It’s Friday, and you’re happily fishing when the product manager e-mails you with a requirements document. The requirements are: the company needs to count the daily IP addresses of visitors to the website, and this count is a long-term behavior, short months, long years.

This is easy to do with Redis’s collection type: generate a collection type key per day, use SADD to store daily visitor IP addresses, and use SCARD to easily get the number of daily visitor IP addresses.

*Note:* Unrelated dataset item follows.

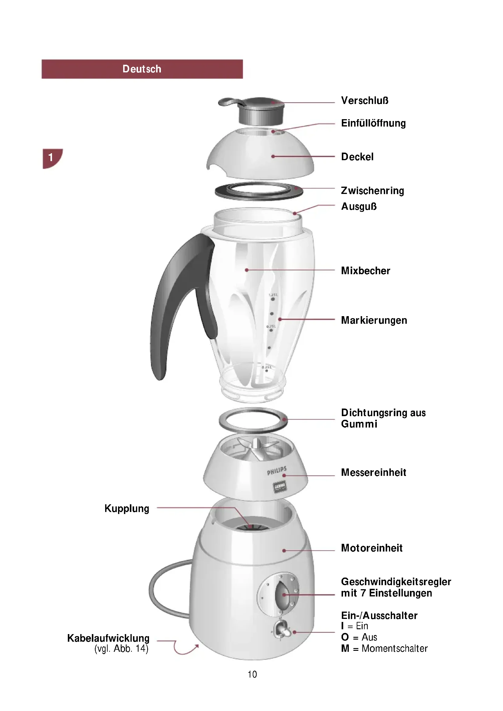 Verschluß Einfüllöffnung Deckel Zwischenring Ausguß Mixbecher Markierungen Dichtungsring aus Gummi Messereinheit Kupplung Motoreinheit Geschwindigkeitsregler mit 7 Einstellungen Ein-/Ausschalter I = Ein O = Aus M = Momentschalter Kabelaufwicklung (vgl. Abb. 14)Philips und Alessi haben gemeinsam eine Einheit von elektrischen Hausgeräten entwickelt - einzigartig in Form und Funktion. Dieses Jubiläumsmodell ergänzt die erfolgreiche Produktlinie von Philips-Alessi aus Toaster, Kaffeeautomat, Wasserkessel und Zitruspresse um ein Mixgerät.

Soon you’ve typed the code and passed the test, and the feature is up and running. After going online and running for a period of time, it was found that the server where Redis is located started to alarm. The reason was that some keys occupied too much memory. You found that these keys were set keys for storing visitor IP addresses. You just pat your head and know you’ve dug yourself a big hole.

Suppose it takes up to 15 bytes to store an IPv4 ADDRESS, and the site has up to 1 million visitors per day. These collection keys will use 0.45GB of memory a month and 5.4GB of memory a year, and that’s just an estimate for IPv4 and even more for IPv6. SADD and SCARD both have O(1) time complexity, but their memory consumption is unacceptable.

Check out the Redis website and discover that Redis also provides a data type, HyperLogLog, that meets the requirements of the product while taking up less memory.

HyperLogLog algorithm

HyperLogLog is a probabilistic algorithm created specifically to calculate the cardinality of a set, which can calculate the approximate cardinality of a given set.

The approximate cardinality is not the actual cardinality of the set. It may be smaller or larger than the actual cardinality, but the error between the estimated cardinality and the actual cardinality will be within a reasonable range. For those statistics that do not require very precise statistics, HyperLogLog algorithm can be used.

The advantage of HyperLogLog is that the memory required to calculate approximate cardinality does not vary with the size of the set. No matter how many elements the set contains, the memory required for HyperLogLog’s computation is always fixed and very small.

Each HyperLogLog type of Redis uses only 12KB of memory space to count close to: 264 elements with a standard error of 0.81%.

If the HyperLogLog type is used to implement the above functions, only 360KB of memory is used in a month with 1 million visitors per day.

PFADD

The PFADD command allows you to count one or more collection elements given.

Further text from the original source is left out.